For your customers to expect you to eat a $5 to $15 toll is outrageous (try going over a bridge in the CA Bay Area), if using a taxi or Uber would get you out of tolls, you would see a crap load of hails right before bridges!


----------



## veikveik

I am in DC and I have yet to use HOT Lanes or Dulles Toll Road to get someone to a destination.
But you have access to EZPass, with detailed logs, time, plates, etc


----------



## Lyft4uDC

veikveik said:


> I am in DC and I have yet to use HOT Lanes or Dulles Toll Road to get someone to a destination.
> But you have access to EZPass, with detailed logs, time, plates, etc


im mostly in the burbs of VA and mostly focus there, not DC.
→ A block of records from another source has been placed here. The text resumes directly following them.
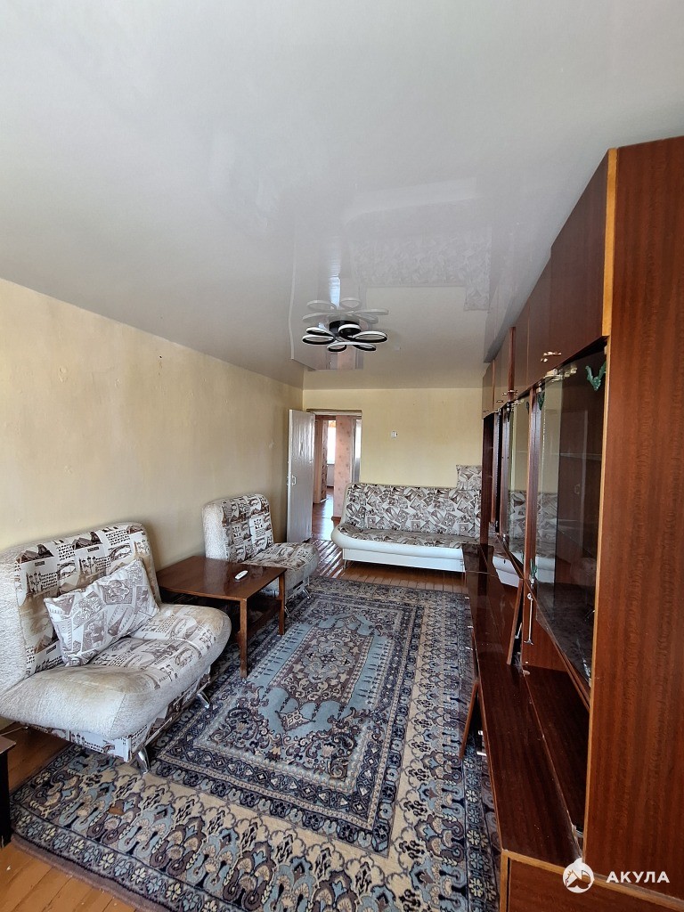 В квартире остается кухонный гарнитур, обеденная зона (обеденный стол и стулья), плита, мягкая мебель (большой диван и два кресла)
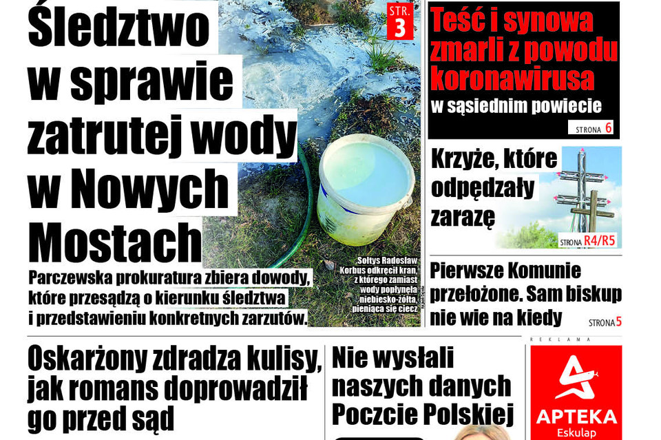 W dwóch poprzednich wydaniach pisaliśmy o zatrutej wodzie w wodociągu w Nowych Mostach w Gminie Podedwórze. Podczas napełniania zbiornika na opryski, do wodociągu dostały się pestycydy.
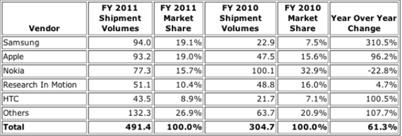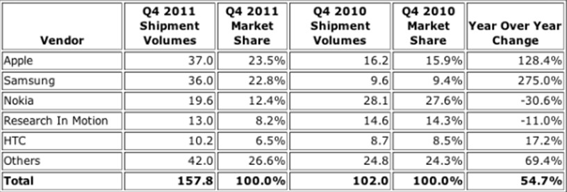 2011第四季度全球智能機銷量同比增55%

but heres a question for you uber folks driving ppl out of dc after 4pm and use 66: how do you explain it to VSP that you're not violating hov if your passanger is in the back?


----------



## veikveik

Lyft4uDC said:


> im mostly in the burbs of VA and mostly focus there, not DC.
> 
> but heres a question for you uber folks driving ppl out of dc after 4pm and use 66: how do you explain it to VSP that you're not violating hov if your passanger is in the back?


you have two people in your car, who cares where they sit?

I have been doing HOV commute slugging on 66 for 10 years, never had a problem.


----------



## TomNashville

Lyft4uDC said:


> im mostly in the burbs of VA and mostly focus there, not DC.
> 
> but heres a question for you uber folks driving ppl out of dc after 4pm and use 66: how do you explain it to VSP that you're not violating hov if your passanger is in the back?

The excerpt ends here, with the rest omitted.